# [Data for processing]
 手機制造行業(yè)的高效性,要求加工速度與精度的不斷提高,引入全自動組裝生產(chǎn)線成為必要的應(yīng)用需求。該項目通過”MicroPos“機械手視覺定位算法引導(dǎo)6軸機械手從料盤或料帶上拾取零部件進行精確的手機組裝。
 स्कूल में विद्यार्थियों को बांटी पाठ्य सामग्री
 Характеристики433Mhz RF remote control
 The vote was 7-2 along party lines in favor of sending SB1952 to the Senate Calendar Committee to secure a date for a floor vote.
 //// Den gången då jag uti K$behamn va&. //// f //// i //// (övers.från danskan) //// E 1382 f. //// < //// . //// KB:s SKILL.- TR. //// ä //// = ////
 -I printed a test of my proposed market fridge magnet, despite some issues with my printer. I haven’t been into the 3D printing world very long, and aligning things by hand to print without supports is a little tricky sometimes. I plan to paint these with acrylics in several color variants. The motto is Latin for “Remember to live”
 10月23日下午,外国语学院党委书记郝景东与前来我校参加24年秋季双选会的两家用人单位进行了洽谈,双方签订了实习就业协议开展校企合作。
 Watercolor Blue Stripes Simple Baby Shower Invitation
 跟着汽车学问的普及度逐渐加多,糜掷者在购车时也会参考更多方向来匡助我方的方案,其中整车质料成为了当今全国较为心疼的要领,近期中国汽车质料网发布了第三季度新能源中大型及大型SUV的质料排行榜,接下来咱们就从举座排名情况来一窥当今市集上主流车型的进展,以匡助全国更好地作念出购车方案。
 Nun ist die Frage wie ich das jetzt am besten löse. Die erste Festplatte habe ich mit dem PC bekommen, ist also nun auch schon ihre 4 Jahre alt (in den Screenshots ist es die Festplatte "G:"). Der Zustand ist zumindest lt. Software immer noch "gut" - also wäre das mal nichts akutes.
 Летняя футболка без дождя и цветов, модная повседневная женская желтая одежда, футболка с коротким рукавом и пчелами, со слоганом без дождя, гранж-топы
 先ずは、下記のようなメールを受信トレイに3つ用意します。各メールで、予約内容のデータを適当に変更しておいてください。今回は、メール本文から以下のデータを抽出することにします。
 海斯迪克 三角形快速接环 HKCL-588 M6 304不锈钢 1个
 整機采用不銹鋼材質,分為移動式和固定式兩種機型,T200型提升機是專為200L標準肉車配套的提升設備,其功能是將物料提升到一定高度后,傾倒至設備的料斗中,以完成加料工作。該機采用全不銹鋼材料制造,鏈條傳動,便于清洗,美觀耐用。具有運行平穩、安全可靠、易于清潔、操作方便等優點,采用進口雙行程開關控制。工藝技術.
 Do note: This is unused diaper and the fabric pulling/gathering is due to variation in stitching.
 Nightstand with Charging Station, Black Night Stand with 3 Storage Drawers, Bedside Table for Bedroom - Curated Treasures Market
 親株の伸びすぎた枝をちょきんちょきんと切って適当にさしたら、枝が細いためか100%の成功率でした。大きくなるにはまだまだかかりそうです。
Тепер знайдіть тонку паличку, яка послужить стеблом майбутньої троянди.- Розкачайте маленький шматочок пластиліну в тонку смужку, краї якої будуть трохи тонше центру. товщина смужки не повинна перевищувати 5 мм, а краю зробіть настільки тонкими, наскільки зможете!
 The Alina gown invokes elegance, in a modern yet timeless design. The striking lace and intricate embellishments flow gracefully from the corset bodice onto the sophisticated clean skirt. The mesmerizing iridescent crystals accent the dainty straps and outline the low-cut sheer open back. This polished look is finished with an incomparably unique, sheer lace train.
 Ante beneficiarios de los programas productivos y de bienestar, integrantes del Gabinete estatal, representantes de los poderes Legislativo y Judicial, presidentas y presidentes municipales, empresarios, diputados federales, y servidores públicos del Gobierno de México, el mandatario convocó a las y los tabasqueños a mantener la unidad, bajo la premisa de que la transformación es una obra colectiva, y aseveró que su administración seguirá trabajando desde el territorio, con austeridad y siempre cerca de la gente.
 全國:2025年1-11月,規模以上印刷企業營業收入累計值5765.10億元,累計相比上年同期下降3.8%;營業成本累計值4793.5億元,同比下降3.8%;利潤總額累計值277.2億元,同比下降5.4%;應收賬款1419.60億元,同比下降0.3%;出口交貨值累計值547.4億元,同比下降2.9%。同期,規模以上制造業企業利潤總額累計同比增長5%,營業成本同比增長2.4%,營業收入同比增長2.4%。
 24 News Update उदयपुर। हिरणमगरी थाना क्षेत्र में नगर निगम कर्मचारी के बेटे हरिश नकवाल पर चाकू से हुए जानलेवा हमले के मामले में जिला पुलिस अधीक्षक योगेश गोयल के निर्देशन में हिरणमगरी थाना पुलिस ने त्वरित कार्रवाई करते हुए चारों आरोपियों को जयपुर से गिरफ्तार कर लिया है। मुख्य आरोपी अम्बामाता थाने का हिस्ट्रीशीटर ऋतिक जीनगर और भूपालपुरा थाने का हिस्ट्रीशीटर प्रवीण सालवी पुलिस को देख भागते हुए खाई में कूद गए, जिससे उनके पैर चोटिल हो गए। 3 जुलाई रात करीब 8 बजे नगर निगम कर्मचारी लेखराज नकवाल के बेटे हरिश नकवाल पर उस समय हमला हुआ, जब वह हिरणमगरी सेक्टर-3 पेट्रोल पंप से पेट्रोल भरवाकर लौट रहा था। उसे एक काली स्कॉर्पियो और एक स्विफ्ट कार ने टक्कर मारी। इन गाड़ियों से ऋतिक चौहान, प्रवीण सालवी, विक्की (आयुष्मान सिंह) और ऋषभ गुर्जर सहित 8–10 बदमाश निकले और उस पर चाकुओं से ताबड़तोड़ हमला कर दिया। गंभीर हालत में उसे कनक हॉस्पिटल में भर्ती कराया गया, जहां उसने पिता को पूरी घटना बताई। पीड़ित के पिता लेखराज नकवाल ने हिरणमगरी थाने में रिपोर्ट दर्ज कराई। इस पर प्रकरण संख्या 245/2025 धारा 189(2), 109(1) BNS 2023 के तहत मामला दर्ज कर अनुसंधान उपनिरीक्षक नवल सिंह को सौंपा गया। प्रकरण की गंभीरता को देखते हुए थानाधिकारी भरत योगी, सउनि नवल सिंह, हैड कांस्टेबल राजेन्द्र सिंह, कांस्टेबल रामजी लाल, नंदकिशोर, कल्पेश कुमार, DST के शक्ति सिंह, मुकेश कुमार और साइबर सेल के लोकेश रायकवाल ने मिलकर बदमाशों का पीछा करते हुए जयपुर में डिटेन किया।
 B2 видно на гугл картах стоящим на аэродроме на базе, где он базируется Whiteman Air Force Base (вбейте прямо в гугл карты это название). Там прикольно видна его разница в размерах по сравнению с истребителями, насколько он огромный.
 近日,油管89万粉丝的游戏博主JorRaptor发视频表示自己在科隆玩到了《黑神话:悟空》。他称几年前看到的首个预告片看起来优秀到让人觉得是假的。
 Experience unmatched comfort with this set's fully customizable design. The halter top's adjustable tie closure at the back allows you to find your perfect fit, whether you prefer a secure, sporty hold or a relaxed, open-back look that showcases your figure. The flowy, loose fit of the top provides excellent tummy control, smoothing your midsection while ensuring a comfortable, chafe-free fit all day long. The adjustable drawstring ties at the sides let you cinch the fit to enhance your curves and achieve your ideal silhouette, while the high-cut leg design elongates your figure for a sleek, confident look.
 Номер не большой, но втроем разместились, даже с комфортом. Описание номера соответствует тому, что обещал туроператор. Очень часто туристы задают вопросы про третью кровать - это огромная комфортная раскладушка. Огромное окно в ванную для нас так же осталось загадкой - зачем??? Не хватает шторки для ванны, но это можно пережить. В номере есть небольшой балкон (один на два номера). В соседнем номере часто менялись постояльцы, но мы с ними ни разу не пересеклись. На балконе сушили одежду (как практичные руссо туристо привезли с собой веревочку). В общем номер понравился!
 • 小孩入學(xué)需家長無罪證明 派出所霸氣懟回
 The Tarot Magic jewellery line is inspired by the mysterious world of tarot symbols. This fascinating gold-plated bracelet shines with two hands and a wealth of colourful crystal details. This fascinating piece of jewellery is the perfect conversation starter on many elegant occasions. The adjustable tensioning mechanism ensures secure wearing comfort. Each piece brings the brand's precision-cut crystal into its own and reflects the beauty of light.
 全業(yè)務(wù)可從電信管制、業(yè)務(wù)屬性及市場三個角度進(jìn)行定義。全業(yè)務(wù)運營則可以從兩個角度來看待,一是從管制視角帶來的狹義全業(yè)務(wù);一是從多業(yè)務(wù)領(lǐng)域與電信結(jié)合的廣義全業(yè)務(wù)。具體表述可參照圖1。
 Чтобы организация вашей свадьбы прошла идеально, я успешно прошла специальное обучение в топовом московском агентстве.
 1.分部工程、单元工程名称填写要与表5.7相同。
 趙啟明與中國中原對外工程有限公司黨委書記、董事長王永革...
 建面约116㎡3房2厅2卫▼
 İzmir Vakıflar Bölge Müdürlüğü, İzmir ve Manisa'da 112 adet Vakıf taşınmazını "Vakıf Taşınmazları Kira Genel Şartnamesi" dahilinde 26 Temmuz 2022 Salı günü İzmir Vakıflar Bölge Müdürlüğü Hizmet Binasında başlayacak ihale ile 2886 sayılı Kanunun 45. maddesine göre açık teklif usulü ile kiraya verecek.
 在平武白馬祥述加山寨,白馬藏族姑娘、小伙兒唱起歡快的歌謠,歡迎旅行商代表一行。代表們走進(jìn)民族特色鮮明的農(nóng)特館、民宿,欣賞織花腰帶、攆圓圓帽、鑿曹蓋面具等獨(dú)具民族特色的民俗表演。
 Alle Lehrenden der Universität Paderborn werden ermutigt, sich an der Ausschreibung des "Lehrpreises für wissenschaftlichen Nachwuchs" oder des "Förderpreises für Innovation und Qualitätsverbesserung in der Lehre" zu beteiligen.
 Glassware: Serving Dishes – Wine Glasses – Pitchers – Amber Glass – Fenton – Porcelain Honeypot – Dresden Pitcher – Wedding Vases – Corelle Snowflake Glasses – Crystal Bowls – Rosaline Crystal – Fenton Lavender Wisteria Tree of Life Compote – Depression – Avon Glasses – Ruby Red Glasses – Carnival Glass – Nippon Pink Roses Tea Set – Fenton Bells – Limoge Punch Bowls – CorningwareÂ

# [Exercise details]
Up to and including the line with "-I printed a", output each line of the entries above exactly, starting from the first.

# [Answer box]
 手機制造行業(yè)的高效性,要求加工速度與精度的不斷提高,引入全自動組裝生產(chǎn)線成為必要的應(yīng)用需求。該項目通過”MicroPos“機械手視覺定位算法引導(dǎo)6軸機械手從料盤或料帶上拾取零部件進行精確的手機組裝。
 स्कूल में विद्यार्थियों को बांटी पाठ्य सामग्री
 Характеристики433Mhz RF remote control
 The vote was 7-2 along party lines in favor of sending SB1952 to the Senate Calendar Committee to secure a date for a floor vote.
 //// Den gången då jag uti K$behamn va&. //// f //// i //// (övers.från danskan) //// E 1382 f. //// < //// . //// KB:s SKILL.- TR. //// ä //// = ////
 -I printed a test of my proposed market fridge magnet, despite some issues with my printer. I haven’t been into the 3D printing world very long, and aligning things by hand to print without supports is a little tricky sometimes. I plan to paint these with acrylics in several color variants. The motto is Latin for “Remember to live”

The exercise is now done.